# My New Jewelled Gecko .



## dickyknee (May 9, 2009)

Just thought I'd post a pic of my new Jewelled gecko .
Keep in mind It is a little different to your usual Jewelled gecko though .


----------



## redbellybite (May 9, 2009)

awww it is cute though


----------



## pythons73 (May 9, 2009)

Very nice Brett,were those the ones that were giving away,if so were you the lucky one .


----------



## jack (May 9, 2009)

an unscrupulous person would have kept mum about it, gone on a spinifex herp holiday and come back with some legitimate jewels... 
i hope npws actually identify the next ballot critters rather than picking species names out of a hat.


----------



## mcloughlin2 (May 9, 2009)

Oh well it is a nice gecko - and it was free! :lol:


----------



## JasonL (May 9, 2009)

jack said:


> an unscrupulous person would have kept mum about it, gone on a spinifex herp holiday and come back with some legitimate jewels...
> i hope npws actually identify the next ballot critters rather than picking species names out of a hat.

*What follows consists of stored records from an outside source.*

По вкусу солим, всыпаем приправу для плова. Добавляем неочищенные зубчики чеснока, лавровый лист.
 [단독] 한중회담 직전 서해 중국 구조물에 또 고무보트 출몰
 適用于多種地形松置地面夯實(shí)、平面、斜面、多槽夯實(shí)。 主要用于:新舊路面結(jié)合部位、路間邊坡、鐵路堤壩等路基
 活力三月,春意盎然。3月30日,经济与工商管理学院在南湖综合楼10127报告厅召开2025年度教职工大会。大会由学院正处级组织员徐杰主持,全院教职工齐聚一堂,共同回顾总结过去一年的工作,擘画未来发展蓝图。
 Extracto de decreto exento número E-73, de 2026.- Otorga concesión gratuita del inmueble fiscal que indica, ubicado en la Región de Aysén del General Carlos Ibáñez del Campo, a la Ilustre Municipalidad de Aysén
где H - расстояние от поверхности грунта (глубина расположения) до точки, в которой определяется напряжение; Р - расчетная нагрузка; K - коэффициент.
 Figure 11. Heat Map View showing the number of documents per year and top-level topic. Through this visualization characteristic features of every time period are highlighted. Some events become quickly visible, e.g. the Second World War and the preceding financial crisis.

Lucky I'm an honest person hey...well lucky for DECC anyway


----------



## geckodan (May 9, 2009)

Does DECC stand for "Don't examine critters carefully"" or "Don't expect correct captioning" ???


----------



## slacker (May 9, 2009)

geckodan said:


> Does DECC stand for "Don't examine critters carefully"" or "Don't expect correct captioning" ???



lol


----------



## Sel (May 9, 2009)

Its still pretty

Now can we see a pic of a real one?? Id like to see the difference


----------



## craig23 (May 9, 2009)

Are you guys serious? did they advertise jewelled gex on the ballot and they were tryoni??? is this for real?


----------



## woosang (May 9, 2009)

Aw. Cute critter! No matter what it is.


----------



## geckodan (May 10, 2009)

Here you go. About 3.5 cm total length. So easy to confuse


----------



## Eylandt (May 10, 2009)

Wow.. nice Gecko! (anyone notice the time setting is incorrect?)


----------



## JasonL (May 10, 2009)

geckodan said:


> Does DECC stand for "Don't examine critters carefully"" or "Don't expect correct captioning" ???

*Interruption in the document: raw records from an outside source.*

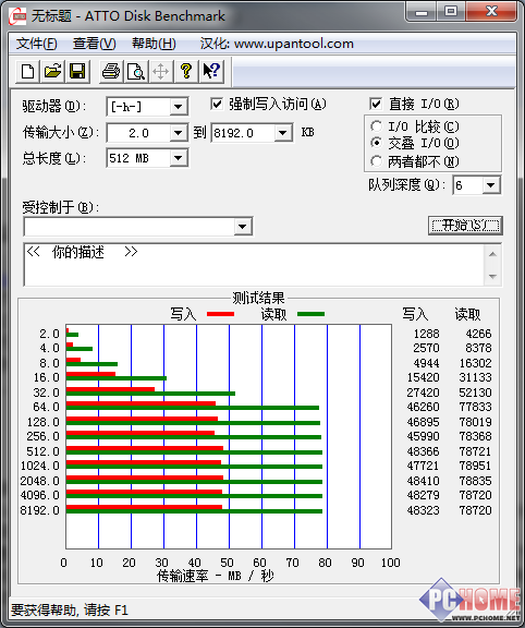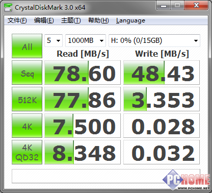 索尼的XQD卡在包装上写着的理论传输速度达到了125mb/S,但这当然只是理论值。我简单的用两款常见的磁盘测速软件来检验下这张存储卡搭配原配读卡器在PC上的读写速度。从两款软件的表现来看,这张卡基本能够达到读78-79mb/S、写达到48mb/S的水准,速度还是相当高的。
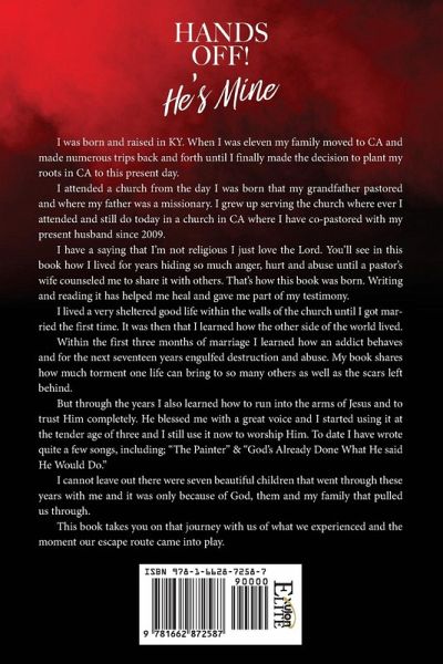 I was born and raised in KY. When I was eleven my family moved to CA and made numerous trips back and forth until I finally made the decision to plant my roots in CA to this present day. I attended a church from the day I was born that my grandfather pastored and where my father was a missionary. I grew up serving the church where ever I attended and still do today in a church in CA where I have co-pastored with my present husband since 2009. I have a saying that I'm not religious I just love the Lord. You'll see in this book how I lived for years hiding so much anger, hurt and abuse until a pastor's wife counseled me to share it with others. That's how this book was born. Writing and reading it has helped me heal and gave me part of my testimony. I lived a very sheltered good life within the walls of the church until I got married the first time. It was then that I learned how the other side of the world lived. Within the first three months of marriage I learned how an addict behaves and for the next seventeen years engulfed destruction and abuse. My book shares how much torment one life can bring to so many others as well as the scars left behind. But through the years I also learned how to run into the arms of Jesus and to trust Him completely. He blessed me with a great voice and I started using it at the tender age of three and I still use it now to worship Him. To date I have wrote quite a few songs, including; "The Painter" & "God's Already Done What He said He Would Do." I cannot leave out there were seven beautiful children that went through these years with me and it was only because of God, them and my family that pulled us through. This book takes you on that journey with us of what we experienced and the moment our escape route came into play.
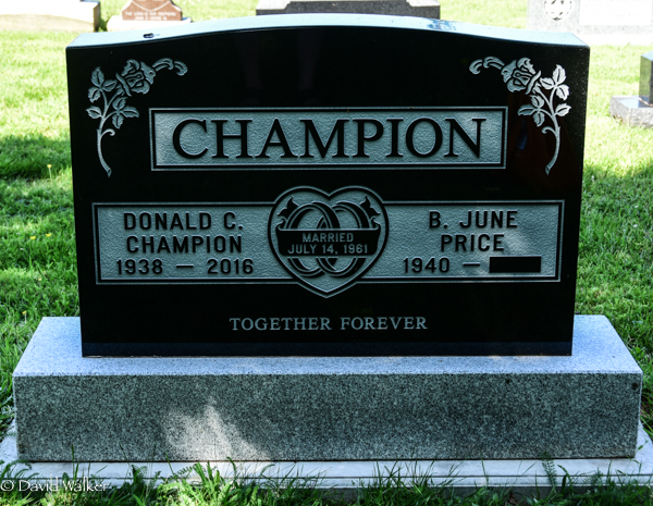 Inscription: CHAMPION / Donald C. / Champion / 1938 - 2016 | Married / July 14, 1961 | B. June / Price / 1940 - // Together Forever.1,2  Tombstone, Donald Carl Champion (1938-2016), his wife Barbara June Price (1940- ). Peoples Cemetery, Kensington, Prince County, Prince Edward Island, Canada.
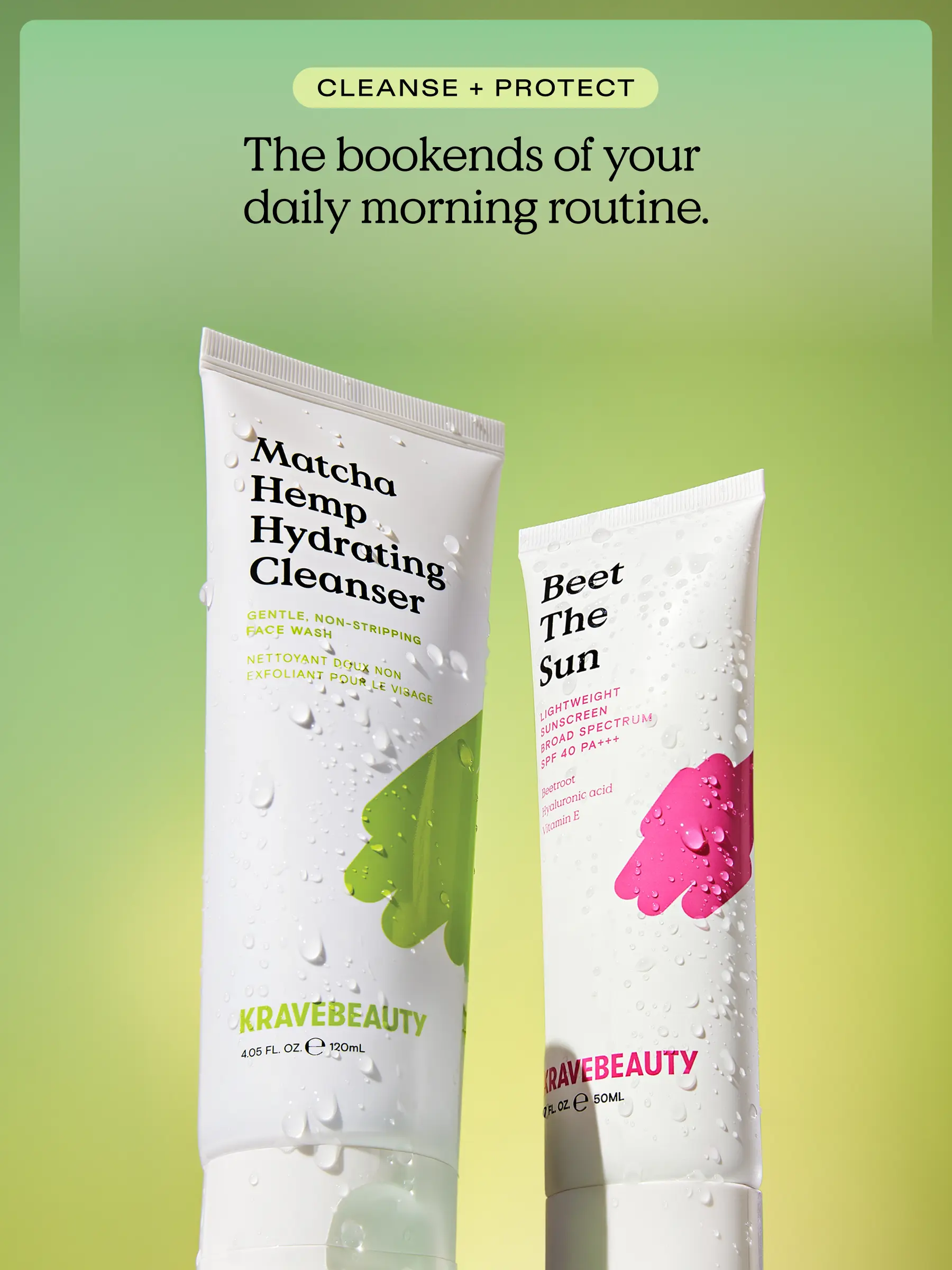 Your AM routine, bookended by the best. This hydrating duo features one of our community’s favorite pairings: Matcha Hemp Hydrating Cleanser and Beet The Sun SPF 40. Start your day with a gentle, non-stripping cleanse, then seal it in with lightweight, breathable sun protection. Add a serum or moisturizer in between, or keep it simple — either way, this duo’s got your skin barrier covered.
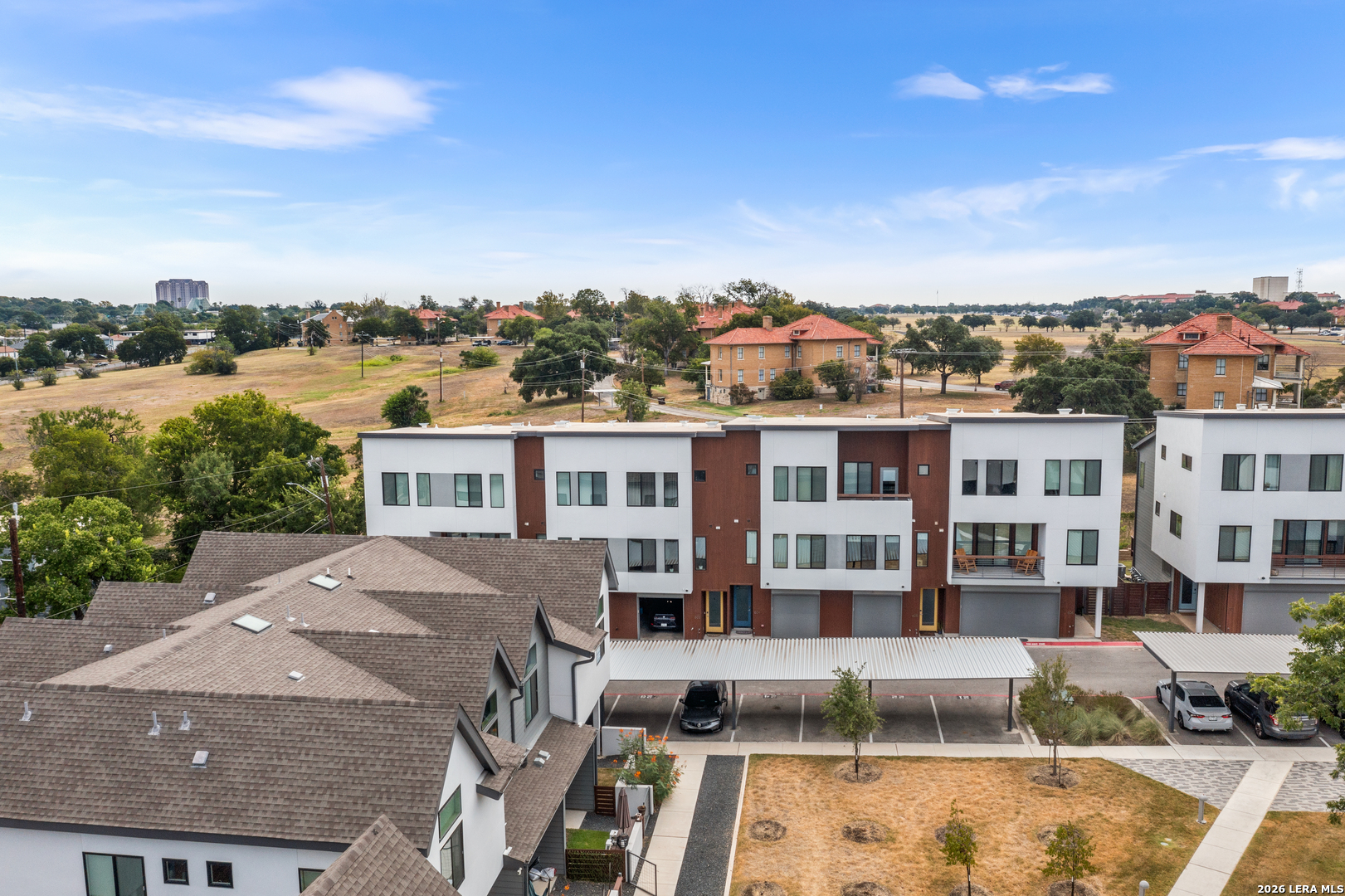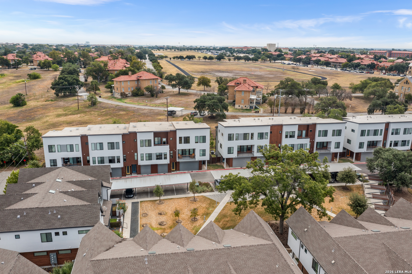 Well-appointed condo that lives like a single-family home, featuring a three-level layout with 4 bedrooms, 3.5 baths, multiple outdoor spaces, and a two-car garage. The home offers high ceilings, abundant natural light, and a clean, timeless palette. The first level includes a private bedroom with ensuite bath, ideal for guests or a home office, plus backyard access. The second level showcases an open-concept living, dining, and kitchen area with a half bath and private deck. Upstairs, the primary suite features a walk-in closet and ensuite bath, along with two additional bedrooms, a full bath, laundry room, and a desk nook. Located in Mahncke Park, residents enjoy weekly landscaping and amenities including a private trash services, dog park, wash station, fire pit, and grill area-all just minutes from Fort Sam Houston, the Pearl, Brackenridge Park, and top local attractions.

Yeah, I think the latter one Danny, they look at them really well, they just don't know what their looking at, and won't ask "the enemy" for any assistance


----------



## Sel (May 10, 2009)

Wow, thats gorgeous!
Thanks geckodan


----------



## FAY (May 10, 2009)

geckodan said:


> Here you go. About 3.5 cm total length. So easy to confuse



Bhahahaha , very harsh...I could of been very confused....


----------



## AUSGECKO (May 10, 2009)

I really hope they have some southern spotteds on the next ballot.......... I might end up getting some jewelled`s :lol:
Nice looking tryoni Dicky.


----------



## gex01 (May 10, 2009)

If thats the case maybe its worth putting in for all of the ballots they might advertise a lacey but it may be a perentie.Sounds like a lucky dip. lol .Sorry to find it amusing jason but you would think that they would know how to identify species.


----------



## gecko-mad (May 13, 2009)

looks like a vevet


----------



## i_LoVe_AnImAlS (May 13, 2009)

AWWWWWW they're so cute if only i had a cage big enough.........................nice pics too


----------



## dickyknee (May 14, 2009)

gecko-mad said:


> looks like a vevet



It is a southern spotted velvet .
It was meant to be a jewelled gecko , but thats what i received .


----------